Documented in find_dames

#' Find DAMEs
#'
#' This function finds Differential Allele-specific MEthylated regions (DAMEs).
#' It uses the \code{\link{regionFinder}} function from \code{bumphunter}, and
#' asigns p-values either empirically or using the Simes method.
#'
#' The simes method has higher power to detect DAMEs, but the consistency in
#' signal across a region is better controlled with the empirical method, since
#' it uses \code{regionFinder} and \code{getSegments} to find regions with
#' t-statistics above a cuttof (controled with parameter \code{Q}), whereas
#' with the 'simes' option, we initially detects clusters of CpG sites/tuples,
#' and then test if at least 1 differential site/tuple is present in the
#' cluster.
#'
#' We recommend trying out different \code{maxGap} and \code{Q} parameters,
#' since the size and the effect-size of obtained DAMEs change with these
#' parameters.
#'
#' @param sa A \code{SummarizedExperiment} containing ASM values where each row
#'   correspond to a tuple/site and a column to sample/replicate.

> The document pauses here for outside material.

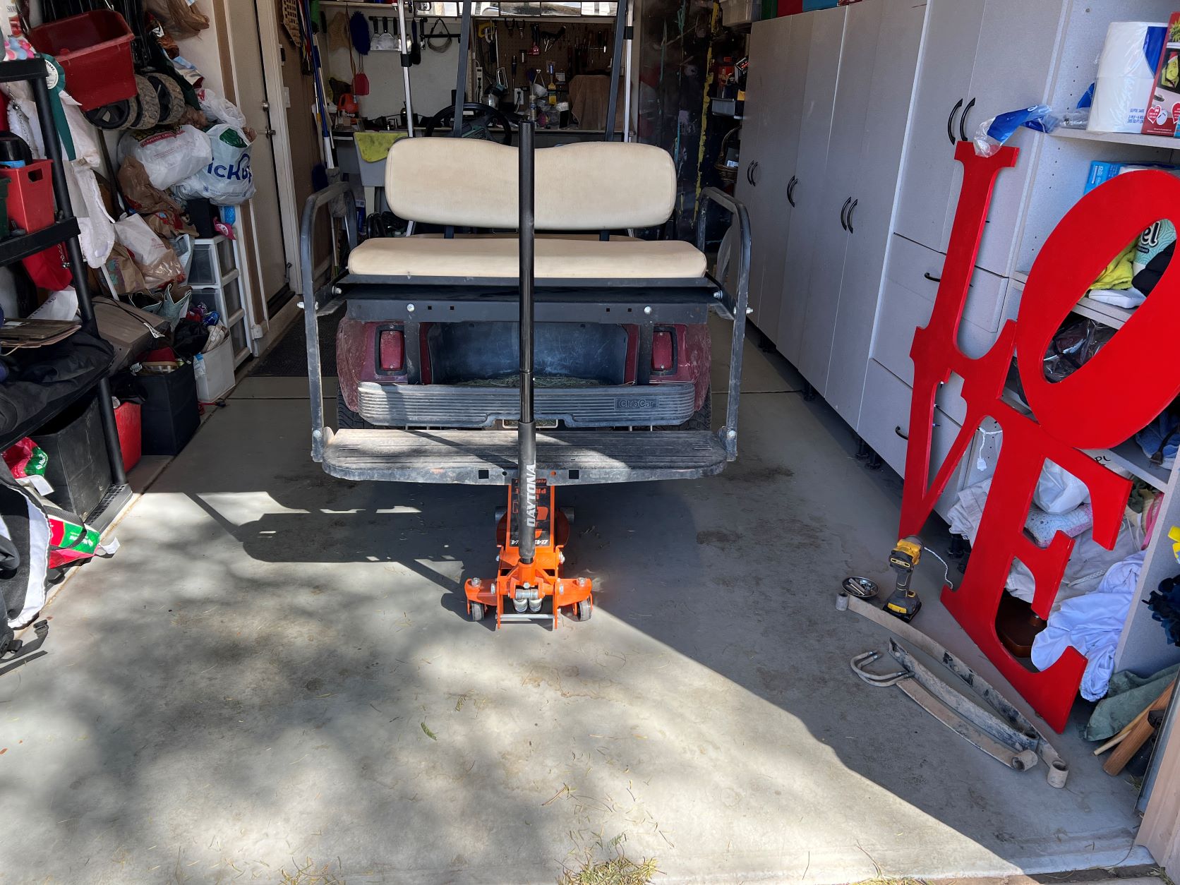 Well...Sue our daughter's trainer is 78 and struggles getting around the barn while training. The parents got together and bought her a used golf cart. (IMG:style_emoticons/default/driving-girl.gif) The HS boys that feed on Sundays load the golf cart up with too much hay and managed to break a leaf spring. So, I got to replace the leaf springs...

#' @param design A design matrix created with \code{\link{model.matrix}}.
#' @param coef Column in \code{design} specifying the parameter to estimate.
#'   Default = 2.
#' @param contrast a contrast matrix, generated with
#'   \code{\link{makeContrasts}}.
#' @param Q The percentile set to get a cutoff value K. K is the value on the
#'   Qth quantile of the absolute values of the given (smoothed) t-statistics.
#'   Only necessary if \code{pvalAssign} = 'empirical'. Default = 0.5.
#' @param pvalAssign Choose method to assign pvalues, either 'simes' (default)
#'   or 'empirical'. This second one performs \code{maxPerms} number of
#'   permutations to calculate null statistics, and runs \code{regionFinder}.
#' @param maxGap Maximum gap between CpGs in a cluster (in bp). NOTE: Regions
#' can be as small as 1 bp. Default = 20.
#' @param smooth Whether smoothing should be applied to the t-Statistics.
#'   Default = TRUE.
#' @param maxPerms Maximum possible permutations generated. Only necessary if
#' \code{pvalAssign} = 'empirical'. Default = 10.
#' @param method The method to be used in limma's \code{\link{lmFit}}. The
#'   default is set to 'ls' but can also be set to 'robust', which is
#'   recommended on a real data set.
#' @param trend Passed to \code{\link{eBayes}}. Should an intensity-trend be
#' allowed for the prior variance? Default is that the prior variance is
#' constant, e.g. FALSE.
#' @param verbose If the function should be verbose. Default = TRUE.
#' @param ... Arguments passed to \code{\link{get_tstats}}.
#'
#' @return A data frame of detected DAMEs ordered by the p-value. Each row
#'   is a DAME and the following information is provided in the columns
#'   (some column names change depending on the \code{pvalAssign} choice):
#'
#'   - chr: on which chromosome the DAME is found.
#'   - start: The start position of the DAME.
#'   - end: The end position of the DAME.
#'   - pvalSimes: p-value calculated with the Simes method.
#'   - pvalEmp: Empirical p-value obtained from permuting covariate of interest.
#'   - sumTstat: Sum of t-stats per segment/cluster.
#'   - meanTstat: Mean of t-stats per segment/cluster.
#'   - segmentL: Size of segmented cluster (from \code{\link{getSegments}}).
#'   - clusterL: Size of original cluster (from \code{\link{clusterMaker}}).
#'   - FDR: Adjusted p-value using the method of Benjamini, Hochberg. (from
#'   \code{\link{p.adjust}}).
#'   - numup: Number of sites with ASM increase in cluster (only for Simes).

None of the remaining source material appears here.